*Task brief*: No pictures belong in the copy. Restate the rest of the data exactly.

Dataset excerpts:
^^^^

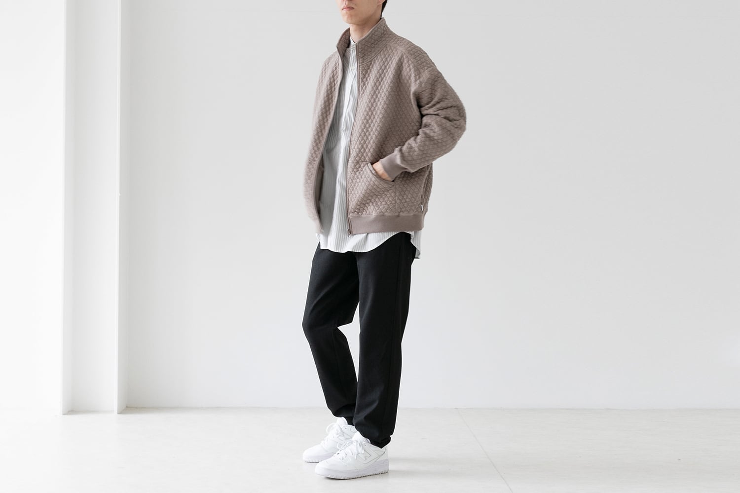 キルティングカットソー - スタンドジップブルゾン
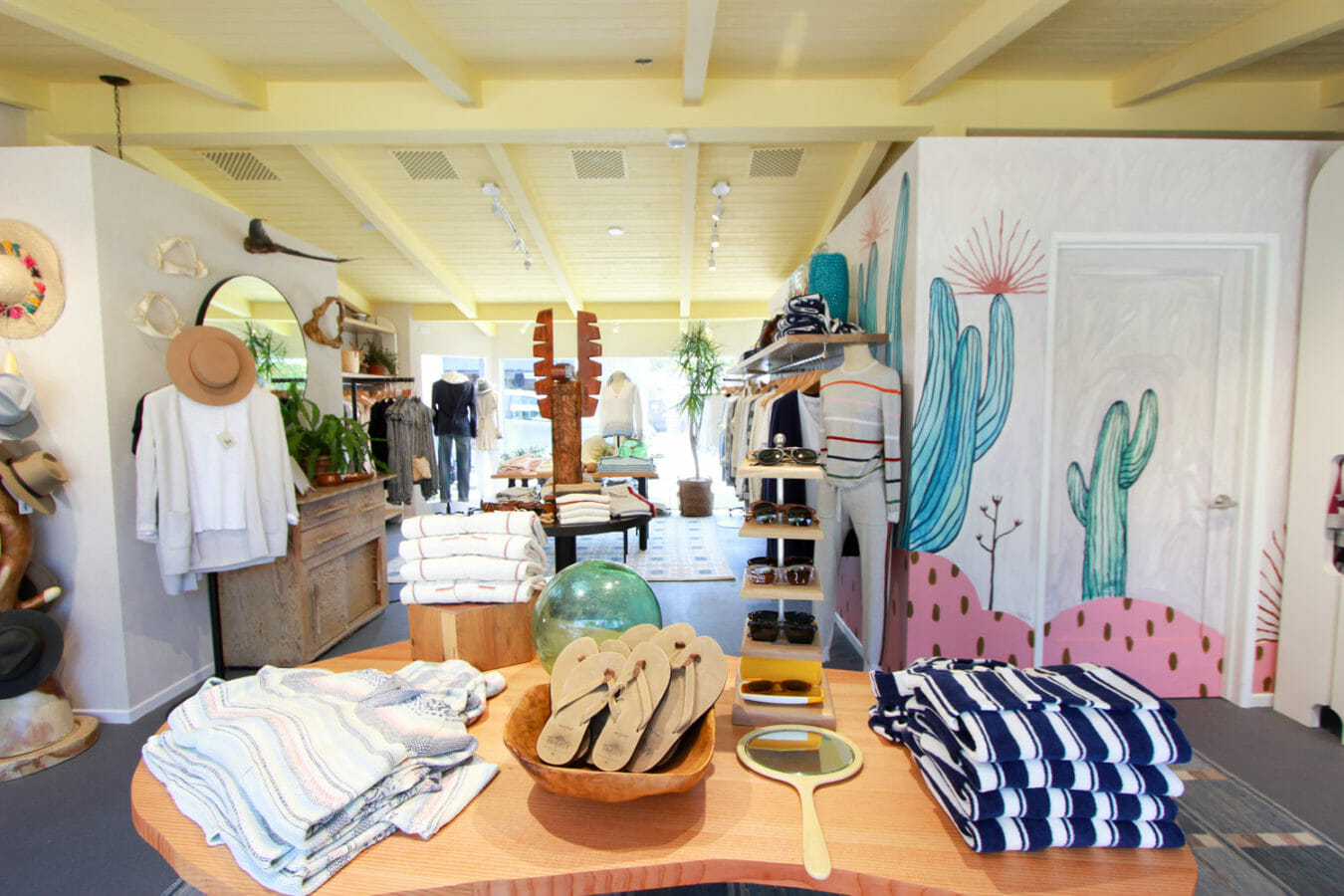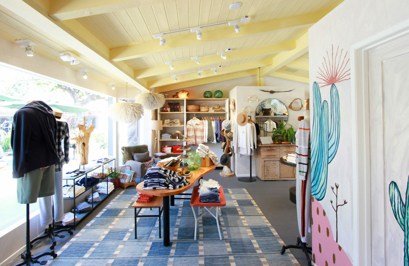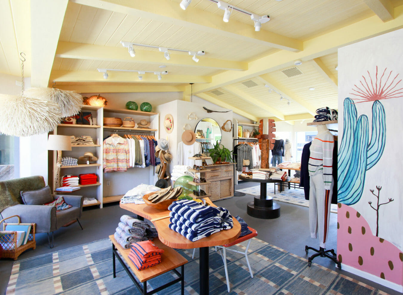 After debuting at Malibu Country Mart in 2016, laid-back label Faherty has upgraded its digs with an expanded women's department and a new kids section. The New York-based lifestyle brand also tapped artist and sculptor Abel Macias to create a cool cactus mural in the space.
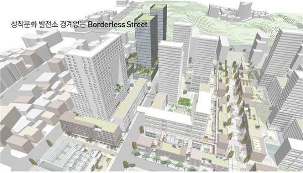 당선작은 ‘창작문화 발전소’와 ‘경계없는 거리’을 기본개념으로 제시했다.
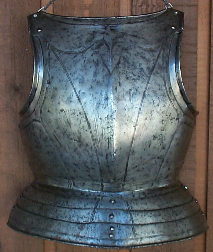 The breastplate is of heavier construction than the back. It is decorated with incised lines that match the backplate, with the addition of a heart below the upper center. The main plate is 12 1/2" high. The waist lame is 2" above the center line and 1 1/2" below. It is agressively flaired to match the breast and fauld. The fauld is formed of 3 upward lapping lames. Each has a point over the sliding rivets at the side and rises slightly at the center. The bottom plate has a small inward roll on its bottom edge. Close inspection of the lames of the fauld shows signs of cusping at the center of the upper edges of the plates and the remains of a central spray of flutes. The very straight form of the profile of the fauld confirms the assumption that the fauld was originally a late 15th c. German culet. This breastplate illustrates the adaptation of older pieces of armour to bring them up-to-date.
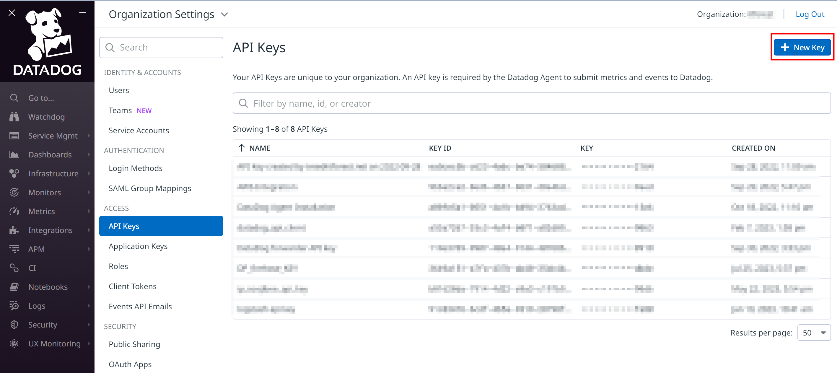 Datadog으로 데이터를 쏴주기 위해 Datadog 계정에서 API Key를 생성해야한다. (Application Key가 아닌 API Key다)
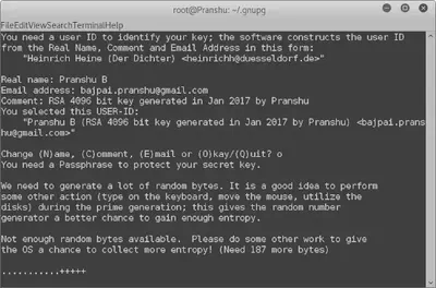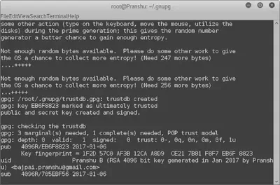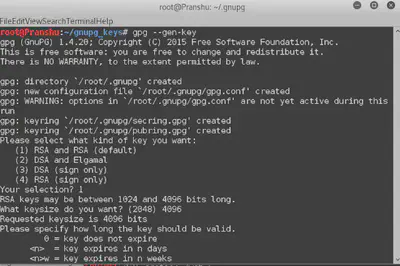 This post is meant to simplify the procedure for generating GNUPG keys on a Linux machine. In the example below, I am generating a 4096 bit RSA public private key pair.

^^^^

*Your solution*:
 キルティングカットソー - スタンドジップブルゾン
 After debuting at Malibu Country Mart in 2016, laid-back label Faherty has upgraded its digs with an expanded women's department and a new kids section. The New York-based lifestyle brand also tapped artist and sculptor Abel Macias to create a cool cactus mural in the space.
 당선작은 ‘창작문화 발전소’와 ‘경계없는 거리’을 기본개념으로 제시했다.
 The breastplate is of heavier construction than the back. It is decorated with incised lines that match the backplate, with the addition of a heart below the upper center. The main plate is 12 1/2" high. The waist lame is 2" above the center line and 1 1/2" below. It is agressively flaired to match the breast and fauld. The fauld is formed of 3 upward lapping lames. Each has a point over the sliding rivets at the side and rises slightly at the center. The bottom plate has a small inward roll on its bottom edge. Close inspection of the lames of the fauld shows signs of cusping at the center of the upper edges of the plates and the remains of a central spray of flutes. The very straight form of the profile of the fauld confirms the assumption that the fauld was originally a late 15th c. German culet. This breastplate illustrates the adaptation of older pieces of armour to bring them up-to-date.
 Datadog으로 데이터를 쏴주기 위해 Datadog 계정에서 API Key를 생성해야한다. (Application Key가 아닌 API Key다)
 This post is meant to simplify the procedure for generating GNUPG keys on a Linux machine. In the example below, I am generating a 4096 bit RSA public private key pair.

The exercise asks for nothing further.